Yeah, my apologies for calling them "pillows". I weren't insinuating they were ridiculously soft and put fighters at a severe disadvantage. Just that they had more padding/protection that Maidana's preferred ones.


----------



## The Undefeated Gaul (Jun 4, 2013)

bballchump11 said:


> There is a difference and tbh with you I think Floyd should let Maidana use whatever gloves he wants as long as they're approved. But for all these fickle fans to come around and call the Powerlock gloves "pillows" and to insult Mayweather calling a bitch is just dumb.
> Shit Sugar Ray Robinson almost canceled a fight the day beforehand because he wanted the ring to be 2 square feet bigger.
> 
> Floyd didn't plan this beforehand.

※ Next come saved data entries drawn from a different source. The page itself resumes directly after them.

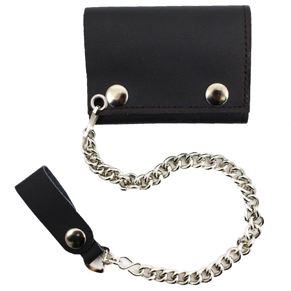 Carry your hard earned cash in style with the Leather Tri-Fold Pocket Wallet. This tough biker wallet comes with six clear slots for IDs and pictures, a slot for paper money, and two credit card slots. The removable metal chain clips onto belt and bag loops for easy carry. Made in the USA.
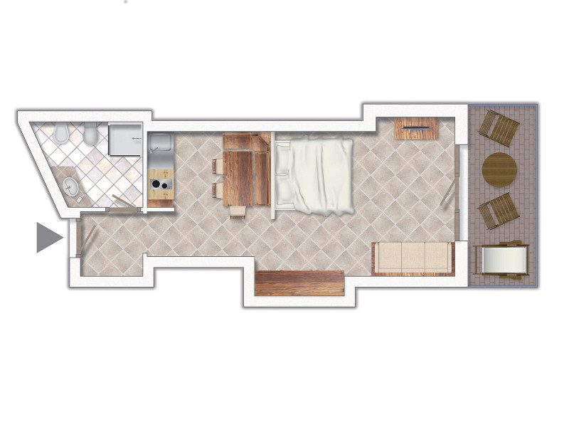 - Štúdio 2 obsadené 2 osobami (označenie partnera Mono): Štúdio pre 2-3 osoby, 28 m2. Má obývaciu izbu s 1 manželskou posteľou a 1 pohovkou pre 1 osobu (3 os.), vybavený kuchynský kút, kúpeľňa so sprchovacím kútom a sušičom vlasov. Balkón.
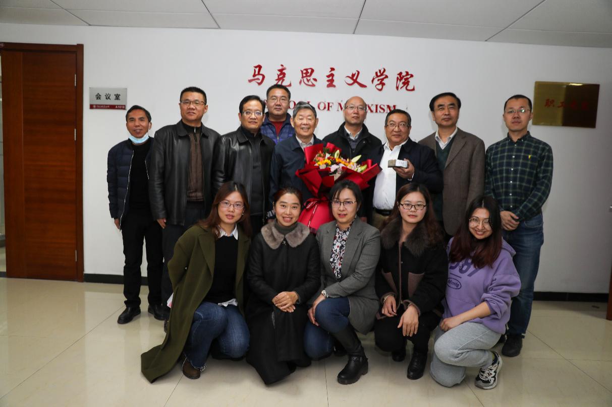 启民校友本次的中石大行,因为年事已高和身体原因,得以成行已经相当不容易。但出乎所有人意料的是,老人家到了校园里,不顾旅途疲乏,48小时内行程满满。第一站,他就参观了“学习回信精神,勇担时代使命”主题展览。在参观过程中,他被路过的马克思主义学院曹培强教授认了出来。曹教授热情地与启民校友交流,他惊喜地发现,眼前这位老人不仅是一位科研狂人,在政治理论方面还有极高的素养,对很多问题有着相当深刻且独到的见解。他感慨道:自己作为思政课老师,常常给同学们讲铁人精神,但直到今天才终于有机会见到“新时期铁人”并当面交流和学习,实在是太激动了。这次偶遇,让曹教授深感幸运,他征得启民校友的同意后,将他们的谈话录音并与启民校友合影,为以后的思政课保留下珍贵的影像资料。但同时,因为启民校友在中石大的行程安排很紧凑,马克思主义学院的其他老师可能就无缘与启民校友当面交流,曹教授为此倍感遗憾。启民校友得知后,不辞辛苦,特意将临动身去机场前的一个小时时间挤出来,与马克思主义学院的青年师生进行交流座谈,回答了马克思主义学院师生的提问,为马克思主义学院题词,为学生签名,并与大家合影留念。启民校友在校的第一站和最后一站都和马克思主义学院有关,所有互动问答都是在马克思主义学院,不能不说是启民校友和马克思主义学院的特殊缘分,这也让马克思主义学院的老师同学们惊喜和获益匪浅!
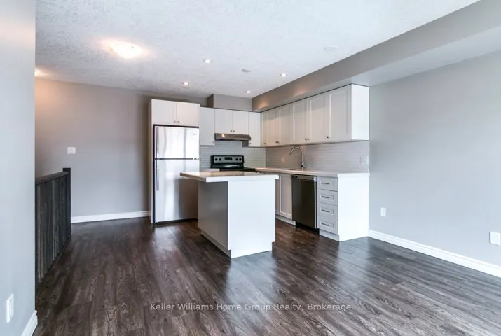 Welcome to this beautiful 2 bedroom, 1.5 bathroom stacked townhouse with water resistant Vinyl plank Laminate flooring, located on a desirable , quiet and family friendly neighbourhood, close to Hwy 8 and Homer Watson Pkwy, walking distance to school, park and shopping. This is a 3 storey building fully upgarded, main floor is an open concept Kitchen, Living / Dinning room, a gorgeous White kitchen with ample cabinet space and quartz counter top and a centre island leading to a balcony. On this floor you will find a 2 pc washroom, utility room with an owned Tankless Water heater system to maximize the heat efficiency. Top floor boasts a sizeable pricipal room with his and her closts, opens to another balcony and a 2nd bedroom with double closet and a 4 piece Washroon, in suite laundry and a linen closet.This unit is almost carpet free on both levels, except on the stairs for your safety.
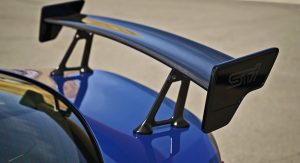The latest teaser image doesn’t reveal much but it shows the car will be equipped with lightweight STI-branded wheels that are wrapped in Michelin Pilot Sport rubber. We can also see a Brembo braking system with red calipers and what appears to be a ground effects package.
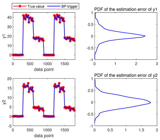 To facilitate a clear and intuitive assessment of the strengths and weaknesses of these methods, the error and their probability density function curves of several modeling prediction models are generated, as shown in Figure 11, respectively. It can be seen that for both outputs, the conventional BP neural network and OS-RVFLNs are wider and shorter, indicating a worse prediction performance. Compared to the other two methods, the pdf of the prediction error generated by the proposed BP-triggered relearning method has a much sharper and taller shape, indicating that the proposed method engaged a better prediction job.

Ellerbe tested out Maidana's gloves and protested them. Mayweather came in and tried them on and agreed. The commission also agreed with them.


I'm not sure what point you're trying to make tbh because my point still stands. Ellerbe is doing his job - he tried it, Mayweather then tried it and noticed a difference that you were trying to downplay in your previous posts. Mayweather made the final judgement, not Ellerbe. You would have had a better point if Ellerbe was the only one to try the glove though, that wasn't the case however.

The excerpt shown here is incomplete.